Staff Machine Learning Engineer (Content Intelligence) in London employer: Deepstreamtech
At Spotify, we pride ourselves on being an exceptional employer, offering a dynamic work culture that fosters innovation and collaboration. As a Staff Machine Learning Engineer, you'll have the opportunity to work with cutting-edge technologies in a vibrant environment that values employee growth and development, while contributing to meaningful projects that impact millions of users globally. Our commitment to diversity, inclusion, and employee well-being ensures that you will thrive both personally and professionally in our supportive community.
StudySmarter Expert Advice🤫
We think this is how you could land Staff Machine Learning Engineer (Content Intelligence) in London
✨Tip Number 1
Network like a pro! Reach out to folks in the industry, attend meetups, and connect with people on LinkedIn. You never know who might have the inside scoop on job openings or can refer you directly.
✨Tip Number 2
Show off your skills! Create a portfolio showcasing your machine learning projects, especially those involving PyTorch or TensorFlow. This gives potential employers a taste of what you can do and sets you apart from the crowd.
✨Tip Number 3
Prepare for interviews by brushing up on your problem-solving skills. Be ready to discuss how you've tackled complex ML challenges in the past and how you balance automation with quality. Practice makes perfect!
✨Tip Number 4
Don’t forget to apply through our website! It’s the best way to ensure your application gets seen by the right people. Plus, we love seeing candidates who are genuinely interested in joining our team.

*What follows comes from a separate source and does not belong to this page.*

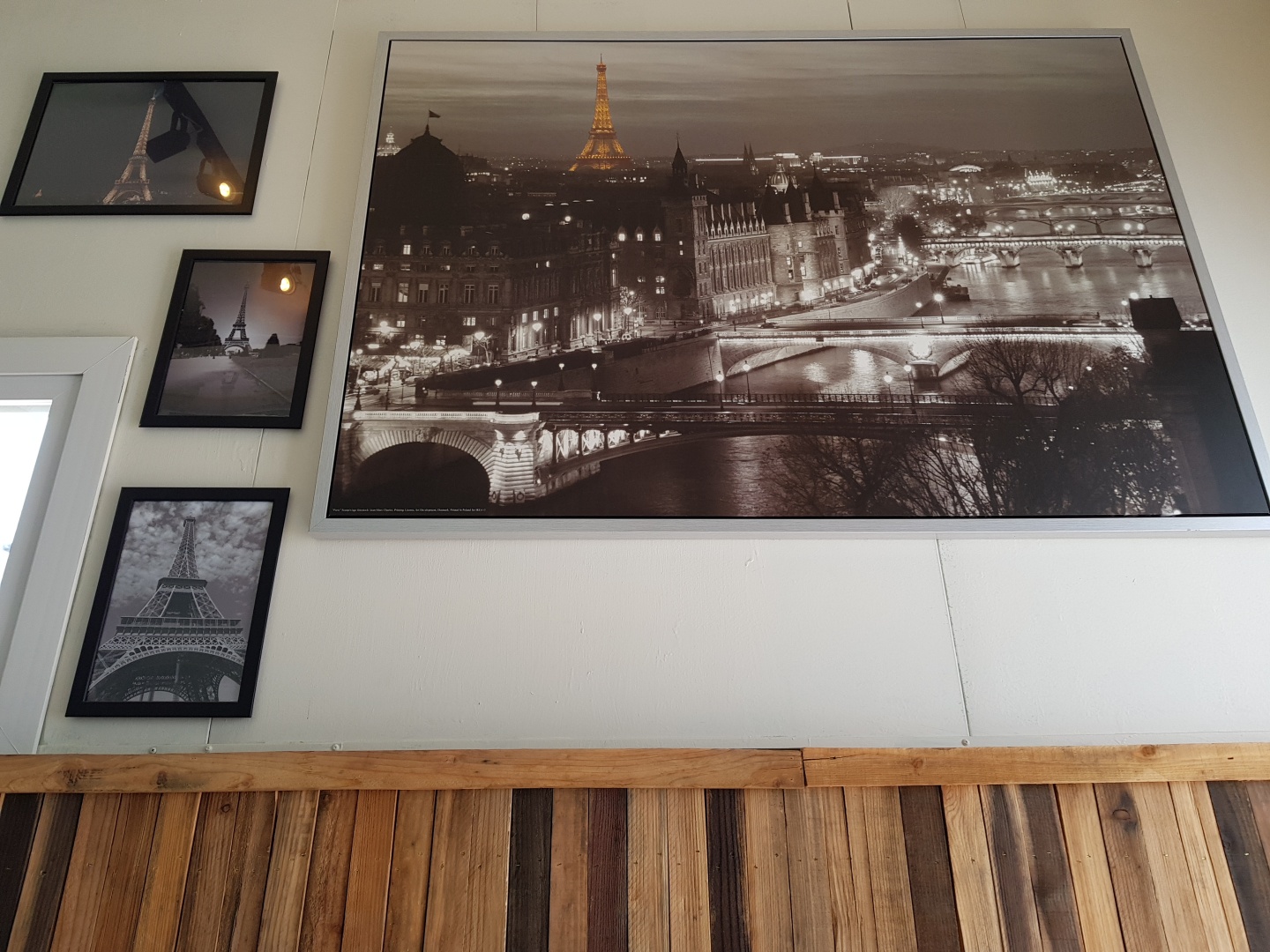 대기장소에 파리, 에펠탑 사진이 걸려있어요.

We think you need these skills to ace Staff Machine Learning Engineer (Content Intelligence) in London
Some tips for your application 🫡
Show Off Your Experience:Make sure to highlight your experience with building and deploying machine learning systems. We want to see how you've tackled complex problems and what frameworks you've used, like PyTorch or TensorFlow. Don't hold back on the details!
Data Quality Matters:Since we care about data quality and evaluation, share examples of how you've worked with large datasets. Talk about your approach to ensuring data integrity and how it impacted your projects. This will show us you understand the importance of quality in ML.
Connect the Dots:We love candidates who think in systems! Make sure to explain how your work connects to product outcomes. If you've designed systems that balance automation with user experience, let us know. It’s all about showing how your skills can drive impact.
Communicate Clearly:Since you'll be collaborating with both technical and non-technical teams, clear communication is key. Use your application to demonstrate how you've effectively communicated complex ideas in the past. We want to see that you can bridge the gap between different teams!
How to prepare for a job interview at Deepstreamtech
✨Know Your ML Frameworks
Make sure you brush up on your experience with ML frameworks like PyTorch and TensorFlow. Be ready to discuss specific projects where you've used these tools, focusing on how you tackled challenges and improved system performance.
✨Showcase Your Data Quality Skills
Prepare examples that highlight your commitment to data quality and evaluation. Discuss how you've worked with large datasets in the past, and be ready to explain your approach to ensuring data integrity and accuracy in your models.
✨Think Multimodal
Since the role involves multimodal machine learning, think about any relevant experiences you have. Be prepared to talk about how you've integrated different types of data (like audio, video, and text) into your ML systems and the impact it had on user experience.
✨Communicate Across Teams
This position requires collaboration with both technical and non-technical teams. Prepare to share examples of how you've effectively communicated complex ideas to diverse audiences, ensuring everyone is on the same page and working towards common goals.